I am using git annex testremote as a baseline test bench for Forgejo-aneksajo as a git-annex remote, and it is awesome to have that. I have some pain points with it though:
- I would like to use these tests to confirm that I don't accidentally give write access to read-only users. This means I would need a way to ensure that all tests which require write access fail against the remote.
- I am spawning a
git annex testremotesubprocess within the integration tests of Forgejo-aneksajo, which are written in Go. Sometimes this "large blackbox test" gets stuck in CI and I haven't figured out why yet. It would be nice to have a more transparent integration into the Forgejo-aneksajo test suite.

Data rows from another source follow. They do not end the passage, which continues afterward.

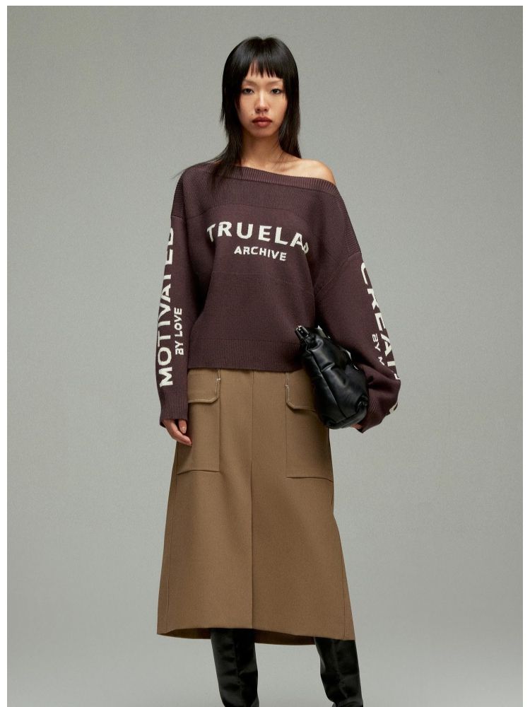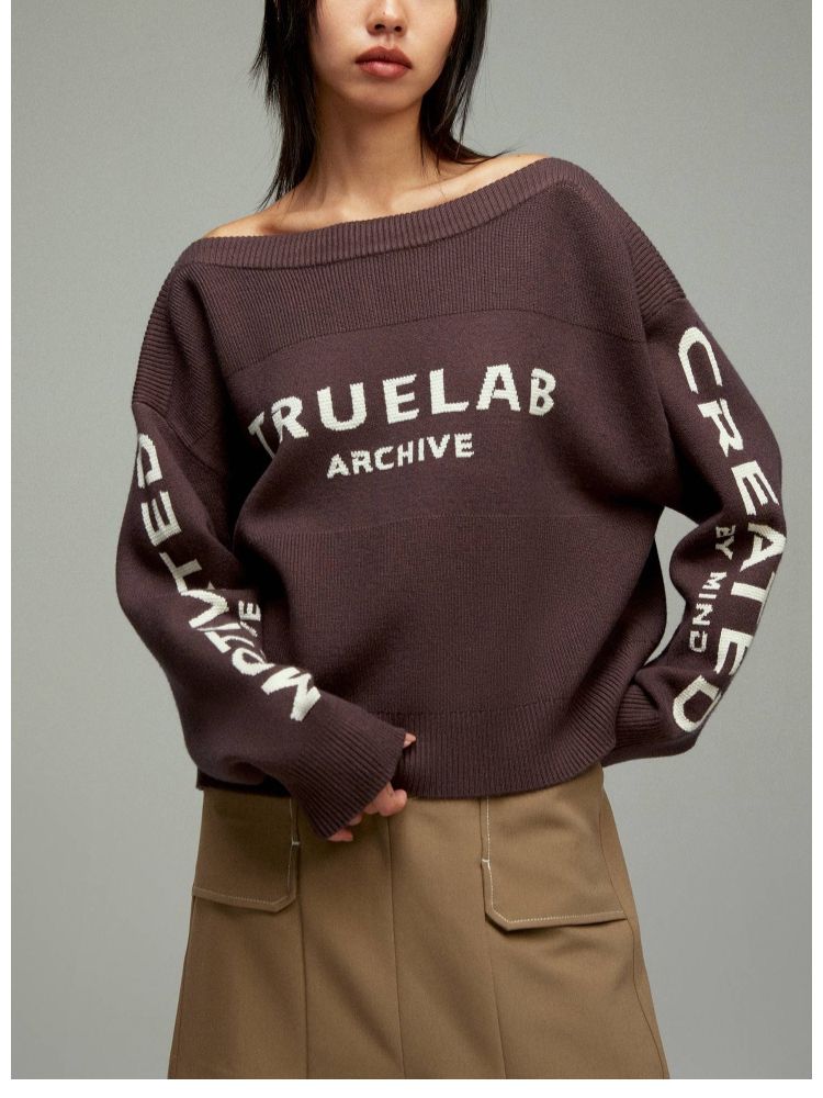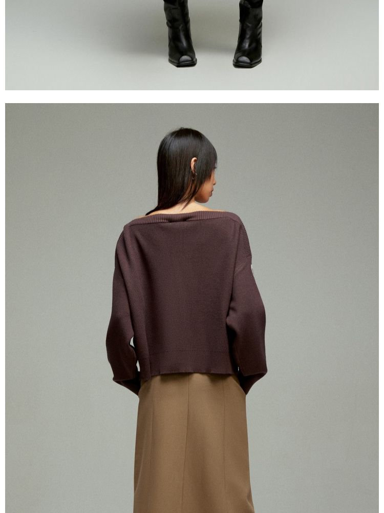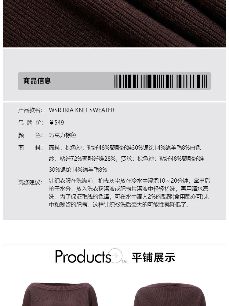 商品名称:【一字领设计】春季宽松一字领蝙蝠袖针织衫女 904858
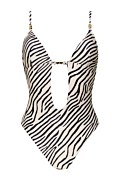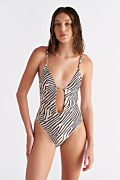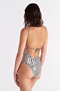 Zebra printed onepiece swimsuit with front cutouts. Features a deep 'V' neckline and light padding with removable pads. Tie closure at the back. Moderate back coverage.
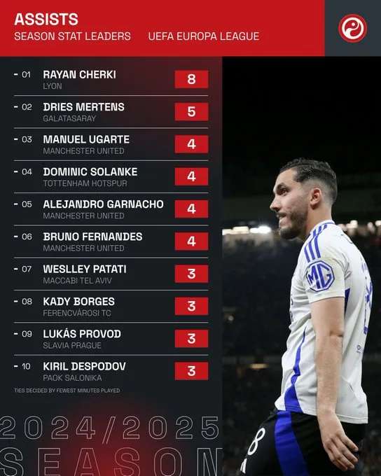 红魔三将闪耀欧联助攻榜 里昂新星领跑群雄
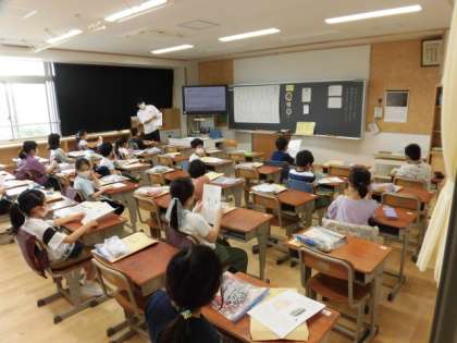 小学校に入学した1年生、3・5年生はクラス替えで新しい友達の新しい教室での生活が始まります。初めての教室の中は、みんな静かに話を聞いています。まだ、クラスの全員は集まれませんが、早く友達を作って楽しく過ごしてください。
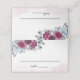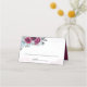 Elegant blommigt bröllop-platskort visar vackra vattenburgundi, blått och vit ros med silver löv.
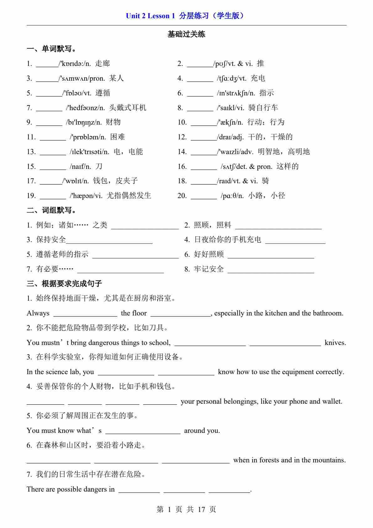 Unit 2 Lesson 1(分层练习)--北师版八上英语
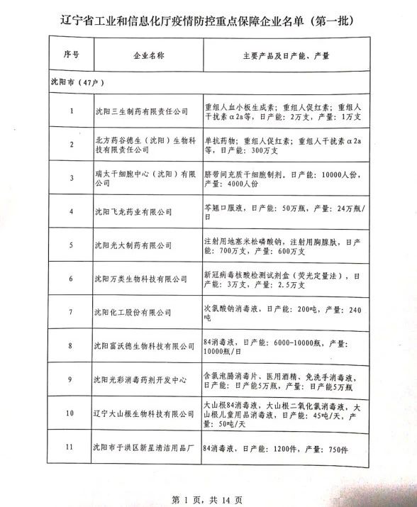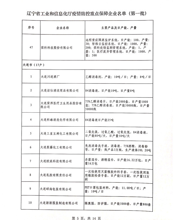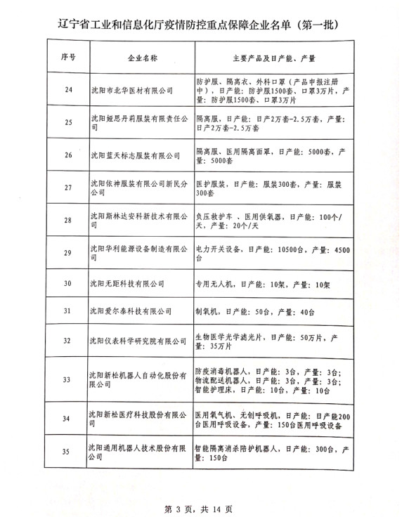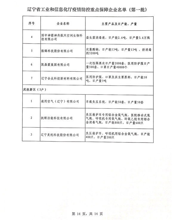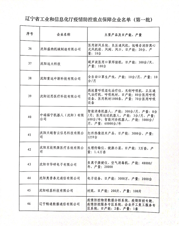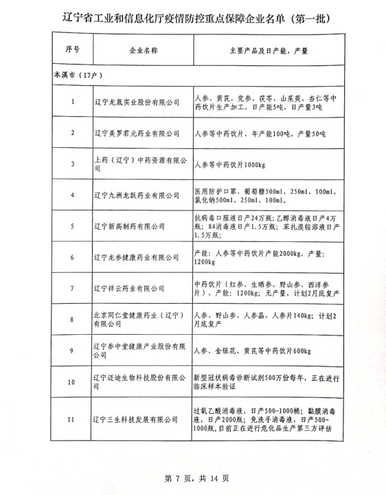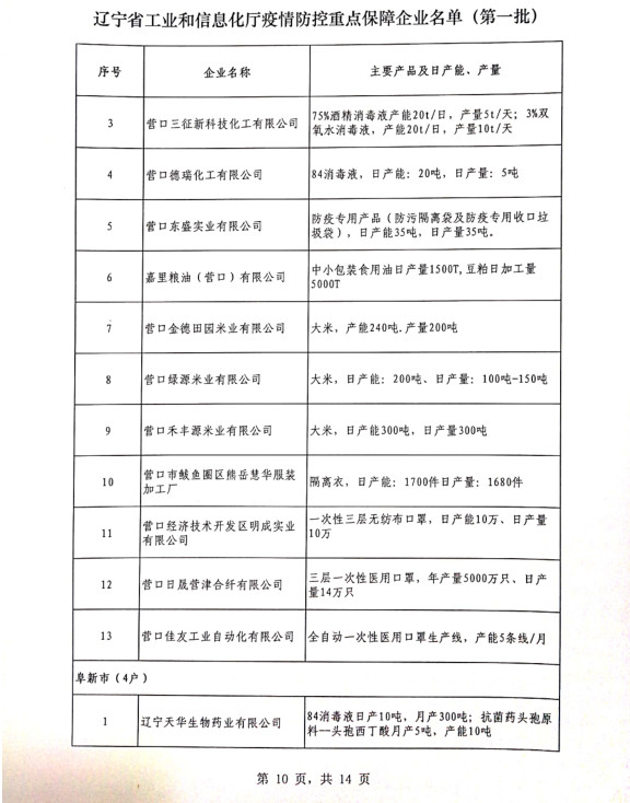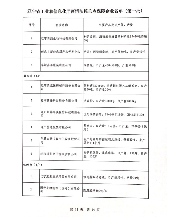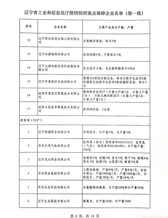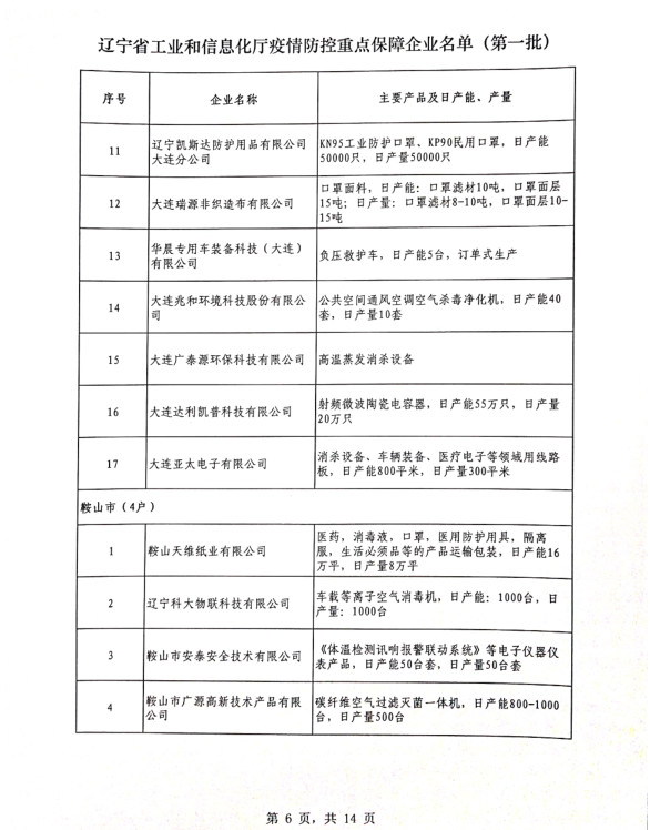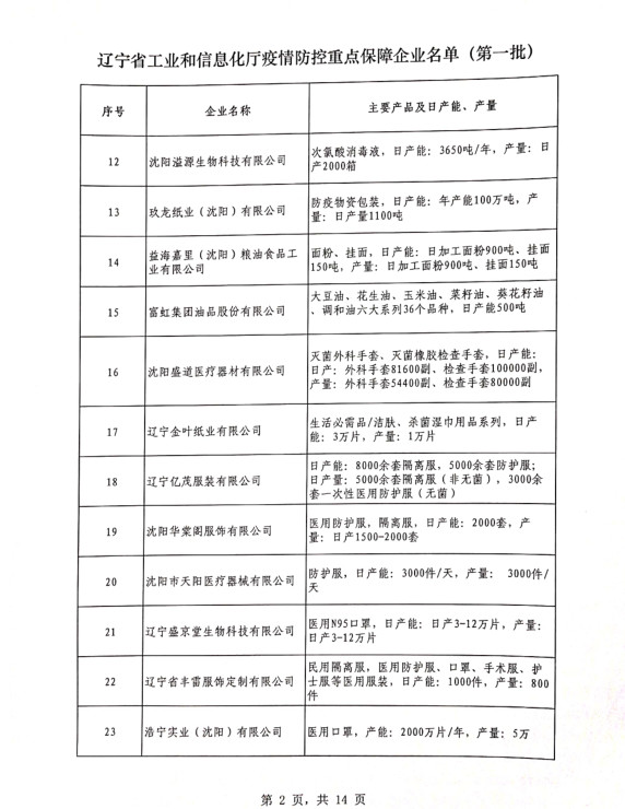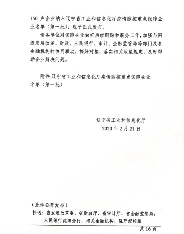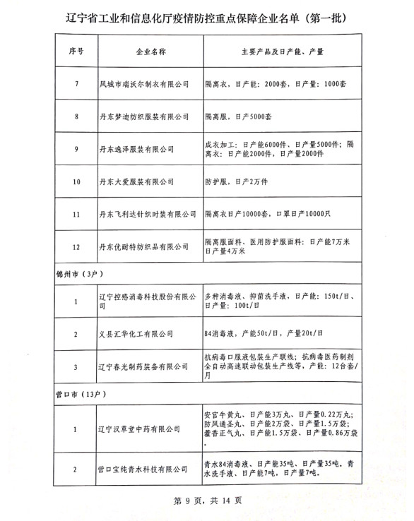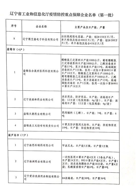 為貫徹落實習近平總書記關于疫情防控工作的重要講話和指示批示精神,落實黨中央、國務院和省委、省政府有關部署,按照《遼寧省人民政府關于印發遼寧省應對新型冠狀病毒感染的肺炎疫情支持中小企業生產經營若干政策措施的通知》(遼政發【2020】6號)和《遼寧省工業和信息化廳關于規范省級疫情防控重點保障企業名單管理有關事項的通知》(遼工信明電【2020】35號)要求,在各市審核推薦的基礎上,經我廳認真研究,決定以下150戶企業納入遼寧省工業和信息化廳疫情防控重點保障企業名單(第一批)。
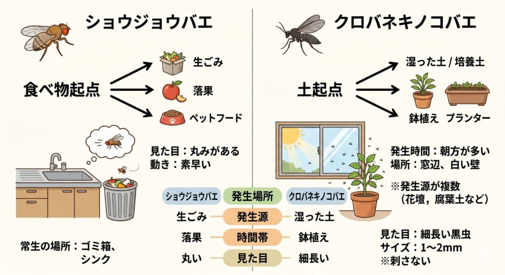 夕方に蚊柱のように群れるならユスリカ、鉢土や腐葉土の近くで黒い小虫が多いならキノコバエ、生ごみや落果の周辺ならショウジョウバエ、葉を触ると白い虫が舞うならコナジラミの可能性があります。

Both of those points could be addressed if git annex testremote provided a way to run each test individually, and to get a list of all the available tests categorized by if they are read-only or read-write. I could then integrate each as an individual sub-test into Forgejo-aneksajo's test suite and properly assert on the outcome of the test given the respective test setup.
If that's not possible for some reason it would also be an improvement with regards to the first point if there was something like a git annex testremote --write-only with the option to only report success if all of those tests have failed.
What do you think?
It would be possible to make
git-annex testremotesupport the command-line options of the underlying test framework (tasty).git-annex testalready does that, so has --list-test and --pattern.It's not as simple as just plumbing that up though, because testremote has implicit dependencies in its test ordering. It has to do the
storeKeytest before it can do thepresenttest, for example. Those dependencies would need to be made explict, rather than implicit.Explict dependencies, though, would also make it not really possible to run most of the tests separately. Running testremote 5 times to run the listed tests, if each run does the necessary
storeKeywould add a lot of overhead.Not declaring dependencies and leaving it up to the user to run testremote repeatedly to run a sequence of tests in the necessary order would also run into problems with testremote using random test keys which change every time it's run, as well as it having an end cleanup stage where it removes any lingering test keys from the local repository and the remote.
This seems to be a bit of an impasse...
I don't know about the "--write-only" name, but I see the value in having a way for testremote to check what a remote that is expected to only allow read access does not allow any writes, as well as otherwise behaving correctly.
There are actually only two write operations,
storeKeyandremoveKey. SinceremoveKeyis supposed to succeed when a key is not present, ifstoreKeyfails, thenremoveKeywill succeed. ButremoveKeyshould fail to remove a key that is stored on the remote. To test that, the --test-readonly=file option would need to be used to provide a file that is already stored on the remote.I think it would make sense to require that option be present in order to use this new "--write-only" (or whatever name) option.
Also, git-annex does know internally that some remotes are readonly. For example, a regular http git remote that does not use p2phttp. Or any remote that has
remote.<name>.annex-readonlyset. Currentlytestremoteonly skips all the write tests for those, rather than confirming that writes fail. It would make sense for testremote of a known readonly remote to behave as if this new option were provided.(But, setting
remote.<name>.annex-readonlyrather than using the "--write-only" option would not work for you, because that config causes git-annex to refuse to try to write to the remote. Which doesn't tell you if your server is configured to correctly reject writes.)I already thought that this might be the case, so running the tests independently isn't really infeasible.
To address my second point I might be able to just parse the output of testremote into "sub-tests" on the Forgejo-aneksajo side. Tasty doesn't seem to have a nice streaming output format for that though, right? There is a TAP formatter, but that looks unmaintained...
Now that you are saying this, is a new option even necessary? --test-readonly already takes a filename that is expected to be present on the remote, so instead of adding a new option --test-readonly could ensure that this key can't be removed, and that a different key can't be stored (and that removeKey succeeds on this not-present key).